# EXERCISE DETAILS:
The expected result is the full listing, retyped exactly, without a single picture.

# SOURCE DATA:
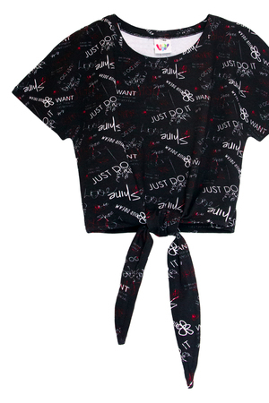 Эта футболка сделает образ девочки ярким и подарит отличное настроение! Она пригодится для спорта, прогулок и домашнего отдыха. Её можно носить с леггинсами, юбками, джинсами и комбинезонами в зависимости от случая и настроения. Изделие выполнена из хлопкового трикотажа. Горловина круглая, обработана воротником из кулирки. Горловина отстрочена нитками в цвет изделия. Завязки по низу изделия притачные, обработан швом вподгибку. Низ рукавов и низ изделия обработан швом вподгибку.
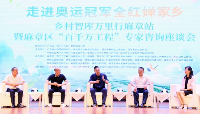 为推进“百千万工程”走深走实,全力促进农文旅产业提质增效,加快推进麻章区实现高质量发展,8月17日,乡村智库万里行麻章站活动暨“百千万工程”专家咨询座谈会在湛江市麻章区举办。本次活动由广东省“百千万工程”指挥部办公室指导,广东农村政策研究中心、麻章区委区人民政府、华南农业大学乡村振兴社会服务处、华南农业大学乡村振兴研究院、华南农业大学新农村发展研究院主办,麻章区各相关部门承办、广东省电子商务协会、广东经济科教频道协办,聚焦乡村振兴和“百千万工程”,共谋发展大计、共享合作机遇、共创未来篇章。
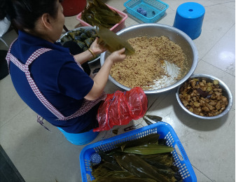 活動現(xiàn)場準備了糯米、粽葉、鮮肉、紅豆等材料,行政后勤科職工十分享受包粽子的過程,數(shù)量大,任務緊的情況下還能聽到活動現(xiàn)場歡聲笑語不斷,仿佛包的不是粽子,而是快樂與愛心。通過此次活動,既傳承了傳統(tǒng)技藝,又切身感受到了濃濃的節(jié)日氣氛,很有意義。

# EXERCISE OUTPUT:
 Эта футболка сделает образ девочки ярким и подарит отличное настроение! Она пригодится для спорта, прогулок и домашнего отдыха. Её можно носить с леггинсами, юбками, джинсами и комбинезонами в зависимости от случая и настроения. Изделие выполнена из хлопкового трикотажа. Горловина круглая, обработана воротником из кулирки. Горловина отстрочена нитками в цвет изделия. Завязки по низу изделия притачные, обработан швом вподгибку. Низ рукавов и низ изделия обработан швом вподгибку.
 为推进“百千万工程”走深走实,全力促进农文旅产业提质增效,加快推进麻章区实现高质量发展,8月17日,乡村智库万里行麻章站活动暨“百千万工程”专家咨询座谈会在湛江市麻章区举办。本次活动由广东省“百千万工程”指挥部办公室指导,广东农村政策研究中心、麻章区委区人民政府、华南农业大学乡村振兴社会服务处、华南农业大学乡村振兴研究院、华南农业大学新农村发展研究院主办,麻章区各相关部门承办、广东省电子商务协会、广东经济科教频道协办,聚焦乡村振兴和“百千万工程”,共谋发展大计、共享合作机遇、共创未来篇章。
 活動現(xiàn)場準備了糯米、粽葉、鮮肉、紅豆等材料,行政后勤科職工十分享受包粽子的過程,數(shù)量大,任務緊的情況下還能聽到活動現(xiàn)場歡聲笑語不斷,仿佛包的不是粽子,而是快樂與愛心。通過此次活動,既傳承了傳統(tǒng)技藝,又切身感受到了濃濃的節(jié)日氣氛,很有意義。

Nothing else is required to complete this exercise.